Your goal >> Where a record contains a picture, omit it; otherwise reproduce the listing exactly.

Records provided >>
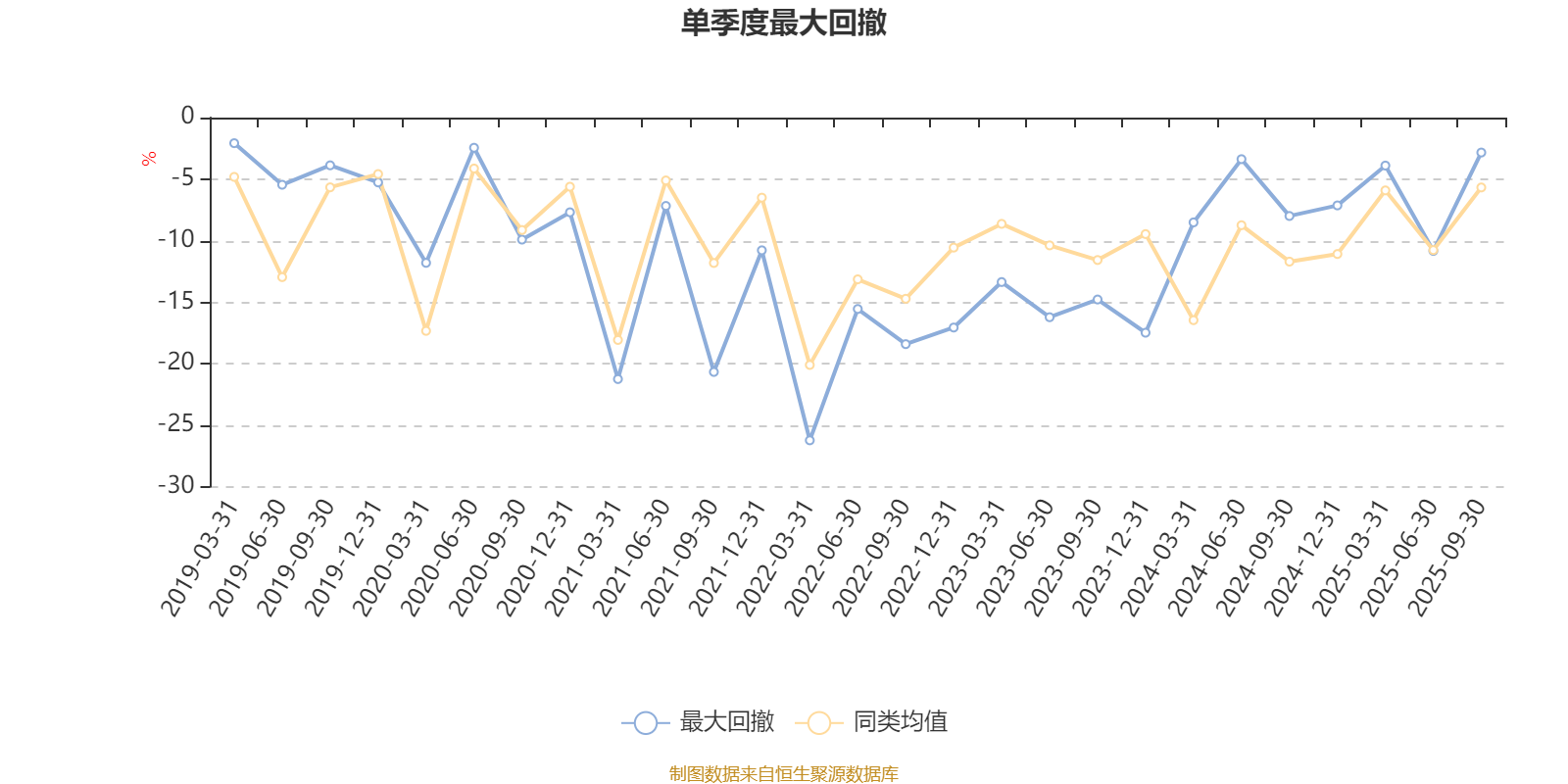 截至10月27日,基金近三年最大回撤为40.57%,同类可比基金排名364/513。单季度最大回撤出现在2022年一季度,为26.24%。
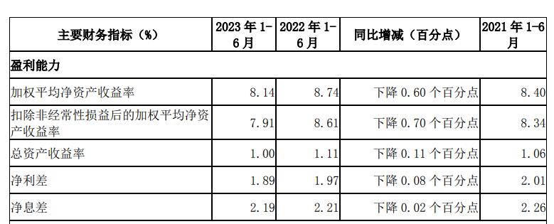 2023年1-6月,南京银行的加权平均净资产收益率为8.14%,比去年同期下降0.60个百分点;扣除非经常性损益后的加权平均净资产收益率为7.91%,比去年同期下降0.70个百分点。
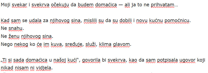 Većina ljudi je svjesna da u mnogim kulturama žene i dalje nose teret tradicionalnih uloga unutar porodice. Svekrve i svekari često očekuju da njihova snaha preuzme zadatke domaćice, što uključuje kuvanje, čišćenje i brigu o djeci. Ova očekivanja često dolaze iz generacija koje su odrasle u društvima gdje je uloga žene bila strogo definisana. U tom kontekstu, ženama se često nameće ideja da je njihov život ispunjen isključivo kroz domaćinstvo. Na primjer, mnoge svekrve smatraju da je njihova snaha uspješna samo ako savršeno vodi domaćinstvo, zanemarujući njene druge talente i ambicije.
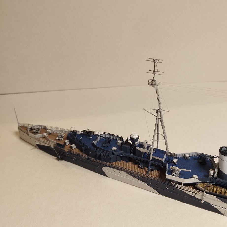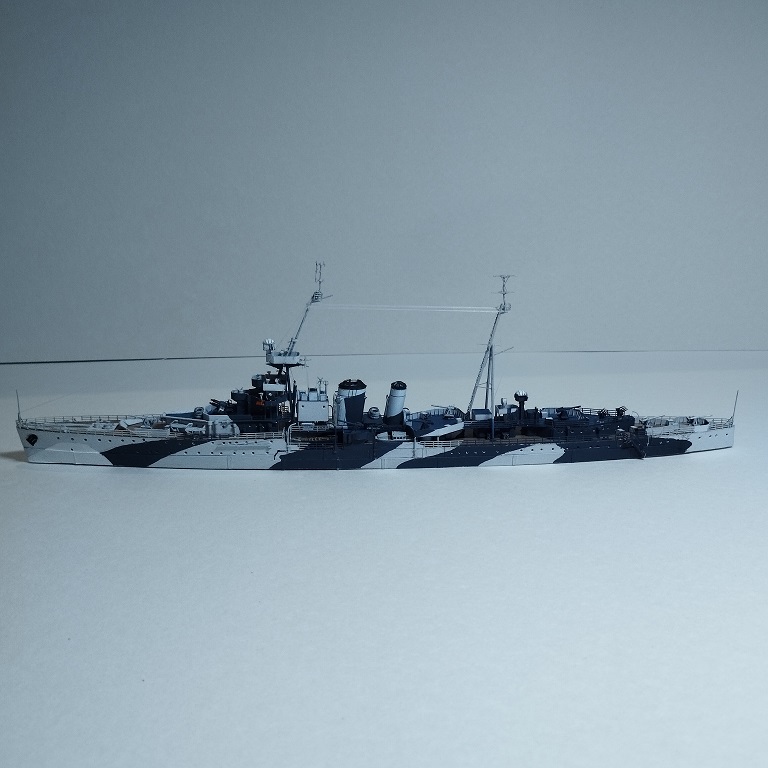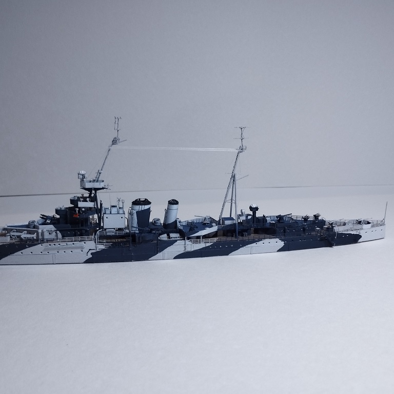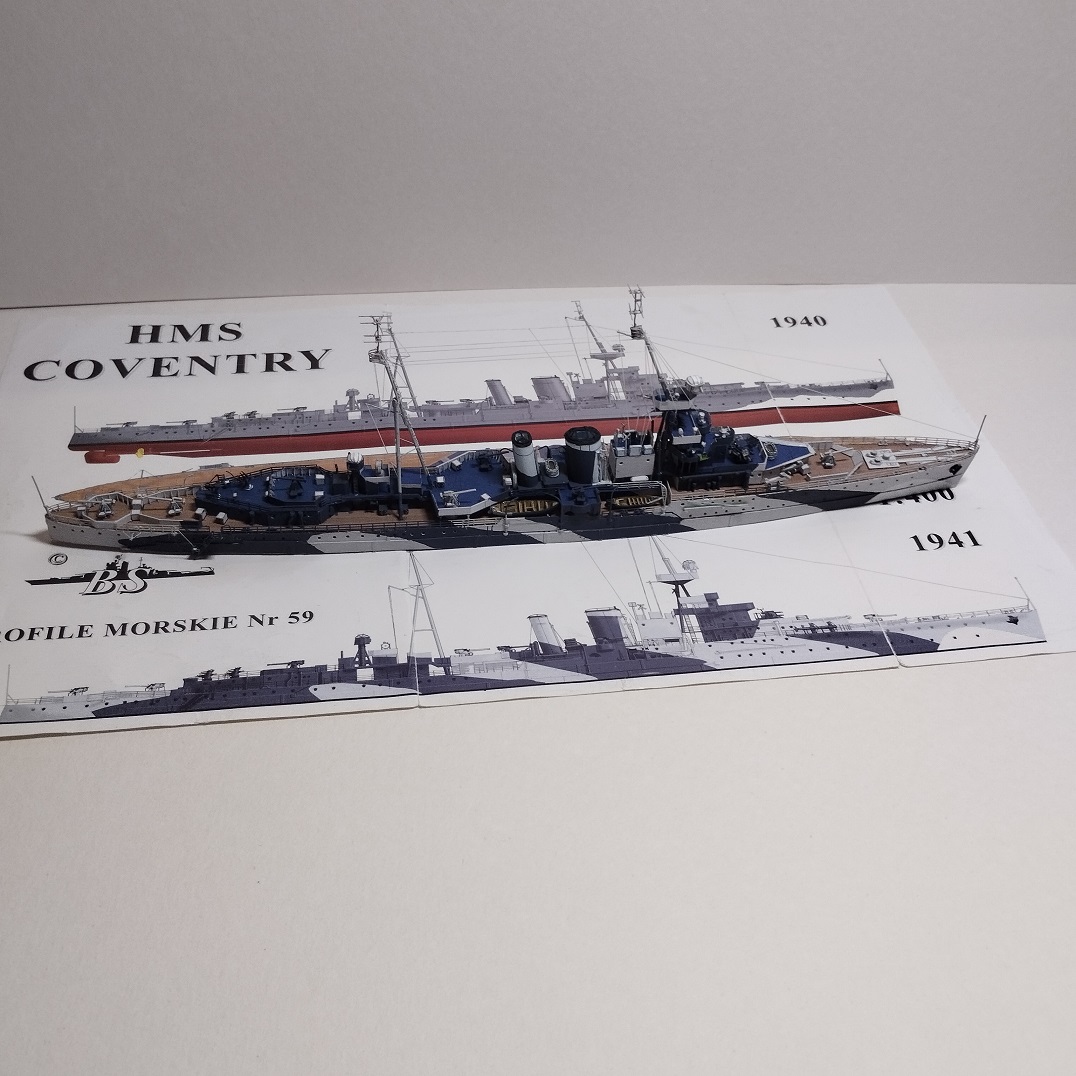 Chciałbym się pochwalić nowym modelem kartonowym ale budowanym od podstaw. Model jak w tytule przedstawia brytyjski krążownik przeciwlotniczy HMS Coventry. Wykonany jest od podstaw na papierze barwionym zbliżonym do podstawowego i farbkami naniesiony kamuflaż, na podstawie takiej fajnej gazetki Profile Morskie nr. 59. Bardzo mi się spodobał okręt a że nie ma go nigdzie wydanego, i chyba za bardzo napatrzyłem się na prace kolegi Sławka który bardzo fajnie robi kartonowe od podstaw nie zawahałem się aby takim sposobem zrobić model. Pragnę podziękować koledze Sławkowi za to że pokazuje swoje prace na których się wzorowałem oraz koledze Wojtkowi który pomógł i opracował kilka elementów komputerowo głownie kadłub. Zapraszam więc do skromnej galerii.
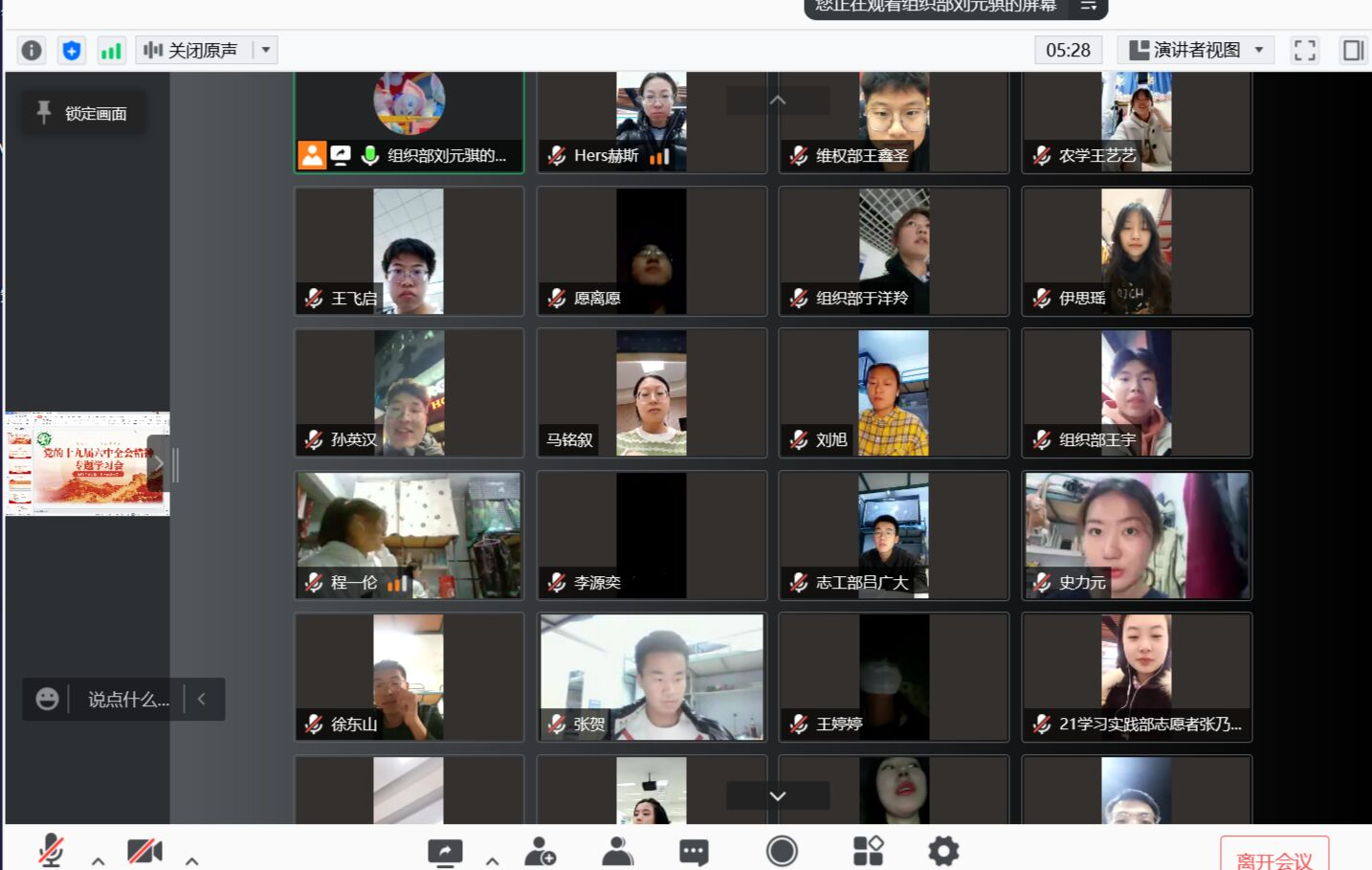 11月8日至11日,党的第十九届六中全会在北京召开。为学习贯彻党的第十九届六中全会精神,EMC易倍官方网站团委于19日组织召开团校培训—十九届六中全会精神线上专题学习会,并于次日在和平校区梦工厂报告厅线下召开专题学习会。员工会全体成员参加此次会议,会议由组织部负责人刘元骐主持。
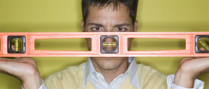 Bubble Construction Levels, sie sind auch Alkohol und Öl, im Volksmund Box-und Rail genannt. In der fertigen Form ist es eine Plastik-, Metall- oder Holzlatte, in der Ampullen mit Flüssigkeit und Luft angebracht werden. Bei der Verwendung dieser Spezies wird auf die Blase geachtet: Wenn die Oberfläche flach ist, befindet sie sich deutlich in der Mitte der Ampulle, und wenn Tropfen vorhanden sind, müssen Sie sie reparieren, bis die Blase zentriert ist.
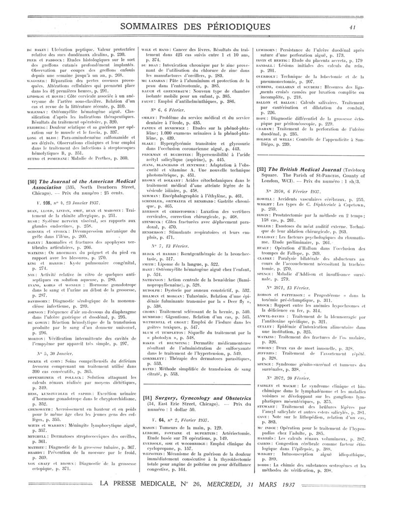 1937, Sommaires des périodiques. -
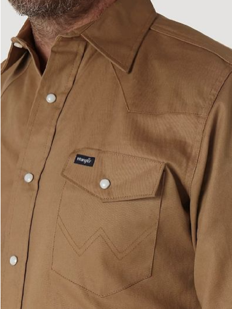 Wrangler MS721SL Men's Cowboy Cut Western Firm Finish Work Shirt, Rawhide, Large
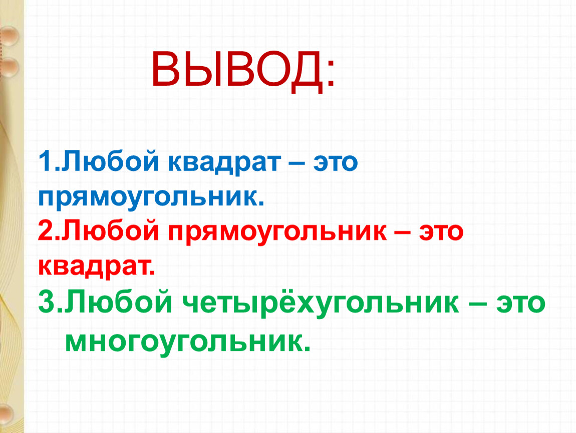 1.Любой квадрат – это прямоугольник.
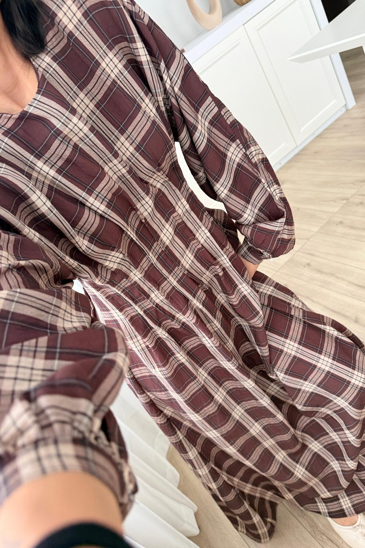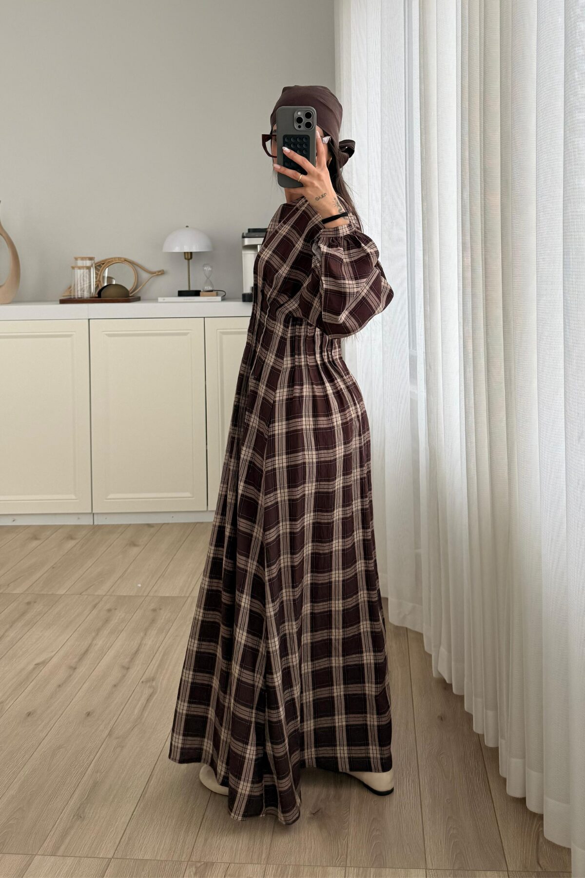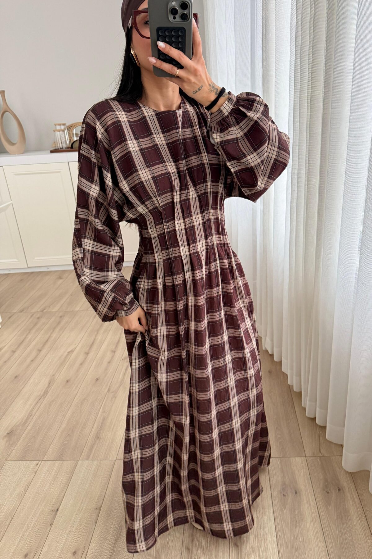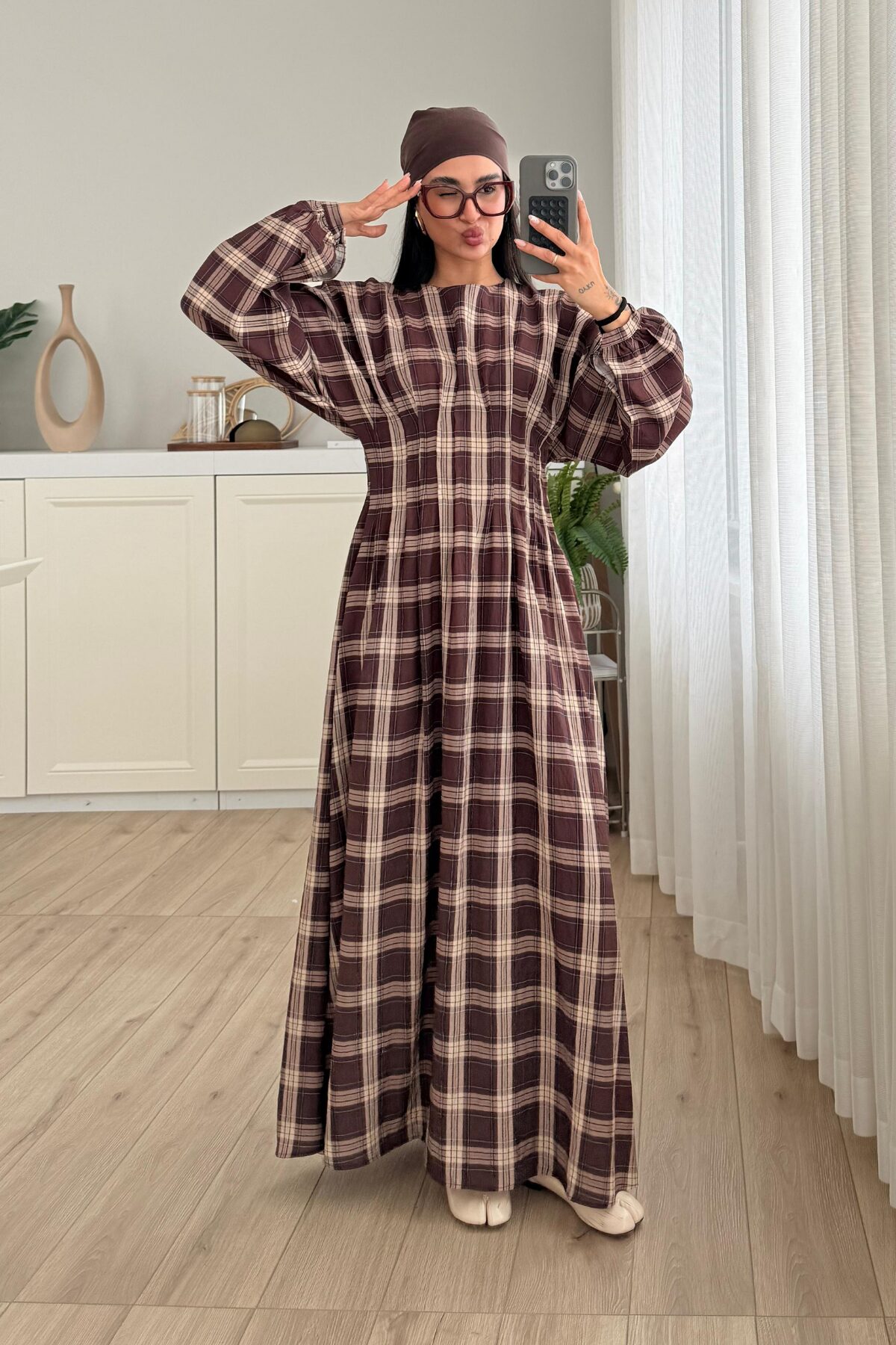 Pile Detaylı Ekose Elbise Sıcak Kahve

Result for this exercise >>
 截至10月27日,基金近三年最大回撤为40.57%,同类可比基金排名364/513。单季度最大回撤出现在2022年一季度,为26.24%。
 2023年1-6月,南京银行的加权平均净资产收益率为8.14%,比去年同期下降0.60个百分点;扣除非经常性损益后的加权平均净资产收益率为7.91%,比去年同期下降0.70个百分点。
 Većina ljudi je svjesna da u mnogim kulturama žene i dalje nose teret tradicionalnih uloga unutar porodice. Svekrve i svekari često očekuju da njihova snaha preuzme zadatke domaćice, što uključuje kuvanje, čišćenje i brigu o djeci. Ova očekivanja često dolaze iz generacija koje su odrasle u društvima gdje je uloga žene bila strogo definisana. U tom kontekstu, ženama se često nameće ideja da je njihov život ispunjen isključivo kroz domaćinstvo. Na primjer, mnoge svekrve smatraju da je njihova snaha uspješna samo ako savršeno vodi domaćinstvo, zanemarujući njene druge talente i ambicije.
 Chciałbym się pochwalić nowym modelem kartonowym ale budowanym od podstaw. Model jak w tytule przedstawia brytyjski krążownik przeciwlotniczy HMS Coventry. Wykonany jest od podstaw na papierze barwionym zbliżonym do podstawowego i farbkami naniesiony kamuflaż, na podstawie takiej fajnej gazetki Profile Morskie nr. 59. Bardzo mi się spodobał okręt a że nie ma go nigdzie wydanego, i chyba za bardzo napatrzyłem się na prace kolegi Sławka który bardzo fajnie robi kartonowe od podstaw nie zawahałem się aby takim sposobem zrobić model. Pragnę podziękować koledze Sławkowi za to że pokazuje swoje prace na których się wzorowałem oraz koledze Wojtkowi który pomógł i opracował kilka elementów komputerowo głownie kadłub. Zapraszam więc do skromnej galerii.
 11月8日至11日,党的第十九届六中全会在北京召开。为学习贯彻党的第十九届六中全会精神,EMC易倍官方网站团委于19日组织召开团校培训—十九届六中全会精神线上专题学习会,并于次日在和平校区梦工厂报告厅线下召开专题学习会。员工会全体成员参加此次会议,会议由组织部负责人刘元骐主持。
 Bubble Construction Levels, sie sind auch Alkohol und Öl, im Volksmund Box-und Rail genannt. In der fertigen Form ist es eine Plastik-, Metall- oder Holzlatte, in der Ampullen mit Flüssigkeit und Luft angebracht werden. Bei der Verwendung dieser Spezies wird auf die Blase geachtet: Wenn die Oberfläche flach ist, befindet sie sich deutlich in der Mitte der Ampulle, und wenn Tropfen vorhanden sind, müssen Sie sie reparieren, bis die Blase zentriert ist.
 1937, Sommaires des périodiques. -
 Wrangler MS721SL Men's Cowboy Cut Western Firm Finish Work Shirt, Rawhide, Large
 1.Любой квадрат – это прямоугольник.
 Pile Detaylı Ekose Elbise Sıcak Kahve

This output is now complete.